Bay City, Michigan 48706
Front Page 04/19/2024 19:30 About us
www.mybaycity.com November 17, 2013
(Prior Story)   Columns ArTicle 8607   (Next Story)

UNSUNG BARS OF BAY CITY: Ex-Newsman (Who Else?) Blogs About Quirky Saloons

Studio 23 Exhibits by Sara Urband-Murphy, Linda Chamberlin Draws Art Lovers

November 17, 2013       Leave a Comment
By: Dave Rogers

Printer Friendly Story View

Dennis Rosenblum chats in animated fashion with a fellow art lover at Studio 23.
 
Art lovers are greeted by Sara Urband Murphy's whimsical stained glass images of fairy tale characters.

Dennis Rosenblum is back in the house.

The house being his new home in Bay City, a change he and his wife eagerly sought after decades in Royal Oak.

The Rosenblums are among a stream of urban retirees finding Bay City, and especially downtown Bay City, almost a Utopian existence compared to that of freeways and commuting in sprawling metropolises.

Rosenblum was among the eclectic overflow crowd Friday at Studio 23's exhibit --Fairy Tale Project by Sara Urband-Murphy -- A mixed media art exhibit inspired by the magic of fairy tales and the notion that everything is possible when you follow your heart.

And the opening event featured another solo exhibit, 'Simple Works' Mixed media pieces by artist Linda Chamberlin. Linda's works were selected for the 2010 Ann Arbor Art Fair promotional posters and materials.

A former Detroit Free Press night metro editor, web editor, assistant nation/world editor, copy slot chief, Rosenblum spent 17 years in the Motor City.

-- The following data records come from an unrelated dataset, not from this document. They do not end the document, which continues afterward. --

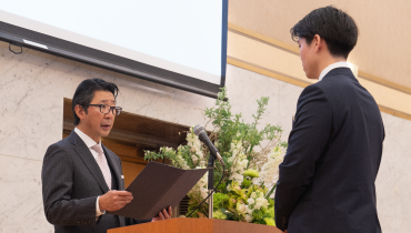 次に、辞令交付と答辞です。大塚さんより、新入社員を代表する関川さんへ辞令が渡されました。
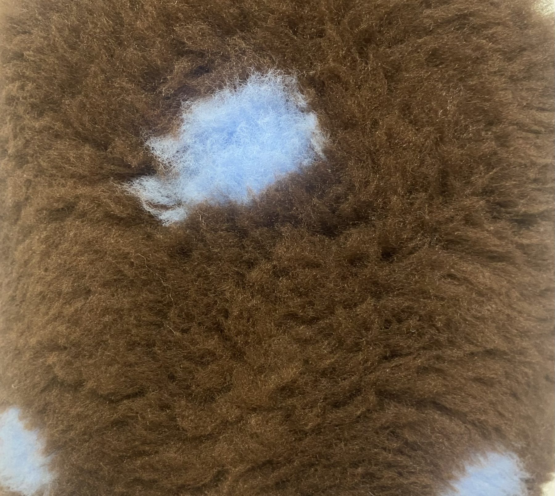 Deilig mykt vetbed i brunt med blå prikker.
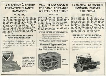 Zeitungsblatt mit Werbeanzeige dreisprachig für Schreibmaschine Hammond Folding monochrom

He is one of those anonymous guys who fashions the news for you every day, crafts the catchy headlines, puts literary correctness into reportorial exuberance and brings the spirit of the city and the world into black and white.

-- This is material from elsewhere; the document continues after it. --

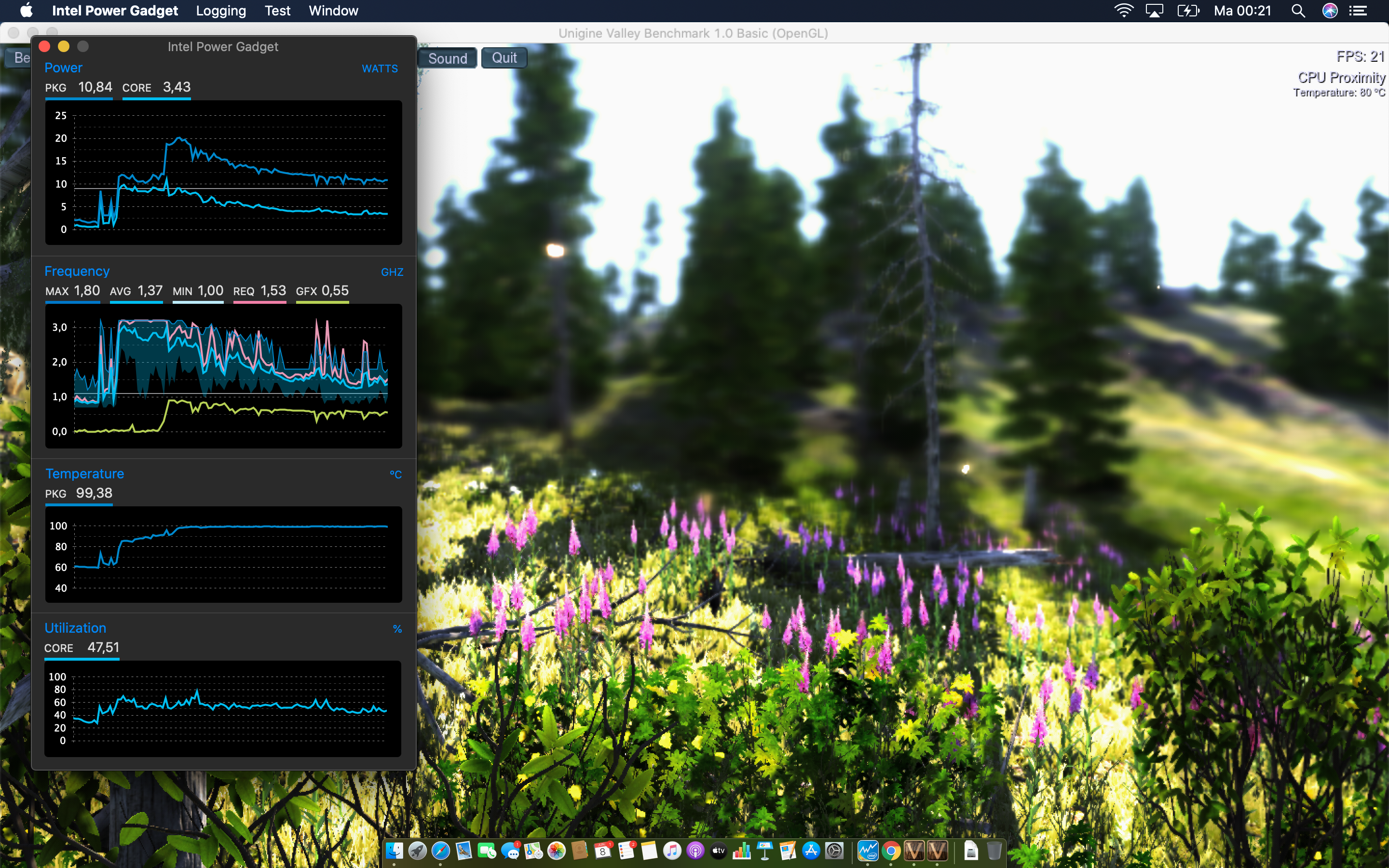 Dat bleek bijvoorbeeld bij de Valley Benchmark die we hebben uitgevoerd. Zodra deze start, klokt de CPU zichzelf naar 3 GHz. Dan heel snel, wanneer de temperatuur het maximaal getolereerde van ~100 graden bereikt, verlaagt de processor de frequentie drastisch. Aanvankelijk keert deze terug naar 1,8 GHz en stabiliseert vervolgens op min of meer 1,2 GHz.

But he never forgot interning at The Bay City Times in 1970, and the colorful watering holes and Damon Runyon types who haunted them.

Like the pubs of Dublin, the saloons of London or Glasgow, these places establish a certain character -- for good or ill -- of the metropolis in which they are located.

What would Yale really be but for the "tables down at Mories, the place where Louie dwells" of the immortal Whiffenpoof university fraternity drinking song?

Who ever lucky enough to have had the experience can forget "Uncle Billy" Weller bursting unceremoniously into song at the Green Hut with "Danny Boy" or "My Wild Irish Rose?"

Rosenblum has made his local presence known with a sure-to-intrigue blog about "The Unsung Bars of Bay City." (barsofbaycity.blogspot.com).

Please, gentle reader, do not dismiss Mr. Rosenblum's quest to inform the world of these iconic pubs, saloons and centers of elbow-bending -- they are, for fun-seekers, the center of their world.

Many of the most frequented by the crowd of news-people, male and female, of days gone by are, sadly, gone and beyond Mr. Rosenblum's purview, except in memory.

Who among you who ever frequented the Imperial Hotel, the Ambassador Bar, the Commodore, the Republic Hotel, the Dry Dock at the Wenonah Hotel, Fortress North, Furlo's or recalls the splash made by the first Bay City night club "The Black Hawk" of Mike Revette, can ever wash those memories away with small beer?

"Work is the curse of the drinking classes," some sage once said, twisting the temperance saw to his own purposes.

Rosenblum, he of the hirsute appearance with a beard resembling an Irish bard, is no dilettante, but he appreciates art and rubbed elbows with Bay City's elites recently at the opening of an art exhibit at Studio 23.

Gaping at the marvelous stained glass Little Red Riding Hood, complete with leering wolf in the corner, of the accomplished artist Sara Urband Murphy, (www.darkhorsetileworks.com) I was pulled away to "meet the guy from the Free Press," none other than the aforementioned Rosenblum.

Upon retirement, Rosenblum and his wife headed north, not to Traverse City or Petoskey where the wealthy and privileged play, but to blue collar yet historic environs of the city on the river by the bay of Sauginaum, as it was called by the 18th century French.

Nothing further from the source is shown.